Then we spin up a pod which just runs ubuntu with long sleep and using example service account. In this pod:

$ apt-get update
$ apt-get install awscli npm vim
$ mkdir test && cd test
$ npm init --yes
$ vim package.json # add dependency for "aws-sdk": "^2.1233.0"
$ vim run.js # copy paste reproduction script verbatim
$ npm install 
$ node run.js
... produces same error as stated above ...
  (node:9134) UnhandledPromiseRejectionWarning: InvalidToken: The provided token is malformed or otherwise invalid.
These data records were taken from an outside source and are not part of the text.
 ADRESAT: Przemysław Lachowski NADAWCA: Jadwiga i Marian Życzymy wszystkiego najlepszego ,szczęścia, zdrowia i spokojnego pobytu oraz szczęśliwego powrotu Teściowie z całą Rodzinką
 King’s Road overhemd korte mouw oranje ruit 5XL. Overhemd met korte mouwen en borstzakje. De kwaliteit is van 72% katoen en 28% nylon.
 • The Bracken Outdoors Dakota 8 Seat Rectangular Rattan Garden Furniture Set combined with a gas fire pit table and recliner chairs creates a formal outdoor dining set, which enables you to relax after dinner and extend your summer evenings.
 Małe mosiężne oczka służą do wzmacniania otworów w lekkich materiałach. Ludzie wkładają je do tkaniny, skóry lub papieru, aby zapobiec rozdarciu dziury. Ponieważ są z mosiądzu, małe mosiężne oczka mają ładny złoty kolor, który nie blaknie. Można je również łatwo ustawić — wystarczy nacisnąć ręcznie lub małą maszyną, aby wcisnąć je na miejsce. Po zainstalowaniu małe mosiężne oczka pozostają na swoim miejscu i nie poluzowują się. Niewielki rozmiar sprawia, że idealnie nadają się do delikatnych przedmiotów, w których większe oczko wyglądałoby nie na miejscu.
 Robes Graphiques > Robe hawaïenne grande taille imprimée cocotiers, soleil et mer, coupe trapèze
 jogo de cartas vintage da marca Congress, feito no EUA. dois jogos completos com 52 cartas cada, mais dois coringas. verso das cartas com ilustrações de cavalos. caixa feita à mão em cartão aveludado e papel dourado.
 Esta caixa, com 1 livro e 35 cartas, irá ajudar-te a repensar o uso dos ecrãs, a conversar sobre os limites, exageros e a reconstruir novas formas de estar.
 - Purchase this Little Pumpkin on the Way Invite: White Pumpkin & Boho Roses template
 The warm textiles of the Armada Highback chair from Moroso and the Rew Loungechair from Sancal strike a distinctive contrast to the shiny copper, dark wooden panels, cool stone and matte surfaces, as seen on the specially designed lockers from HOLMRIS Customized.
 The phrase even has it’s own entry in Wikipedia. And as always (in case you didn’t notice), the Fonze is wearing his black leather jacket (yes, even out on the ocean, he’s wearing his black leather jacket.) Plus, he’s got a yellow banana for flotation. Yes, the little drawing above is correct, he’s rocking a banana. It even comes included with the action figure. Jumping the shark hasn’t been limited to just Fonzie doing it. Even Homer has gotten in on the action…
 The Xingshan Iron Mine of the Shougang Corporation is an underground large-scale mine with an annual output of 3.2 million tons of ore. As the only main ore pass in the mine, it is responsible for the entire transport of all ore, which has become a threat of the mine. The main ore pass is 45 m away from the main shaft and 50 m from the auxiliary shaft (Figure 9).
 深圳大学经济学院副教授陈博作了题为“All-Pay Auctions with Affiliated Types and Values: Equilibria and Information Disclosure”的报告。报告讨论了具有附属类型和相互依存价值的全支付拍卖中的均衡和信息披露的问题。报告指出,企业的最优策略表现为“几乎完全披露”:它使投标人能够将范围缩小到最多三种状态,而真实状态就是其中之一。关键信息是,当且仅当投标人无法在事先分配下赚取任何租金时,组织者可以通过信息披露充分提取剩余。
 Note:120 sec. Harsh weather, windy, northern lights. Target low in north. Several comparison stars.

$ aws --region me-south-1 s3 cp package.json s3://oneid-doc-sign-prs/
upload: ./package.json to s3://oneid-doc-sign-prs/package.json # upload successful

$ env | grep AWS | grep -o '^.*=' # to see that no other AWS envs are set
AWS_DEFAULT_REGION=
AWS_REGION=
AWS_ROLE_ARN=
AWS_WEB_IDENTITY_TOKEN_FILE=

awscli upload immediately afterwards using irsa credentials worked. Node example script with latest version failed. Do you see any difference between our and your setup?

james64 commented 1 year ago

@ajredniwja any luck replicating the issue? Maybe you can share description of your setup so I can help spotting the difference.

BMayhew commented 1 year ago

I ran into this issue, I solved it by ensuring that the below environment variables were not set. (we migrated from using the secret key to OIDC) and I had to go unset this in our CI pipeline before succeeding.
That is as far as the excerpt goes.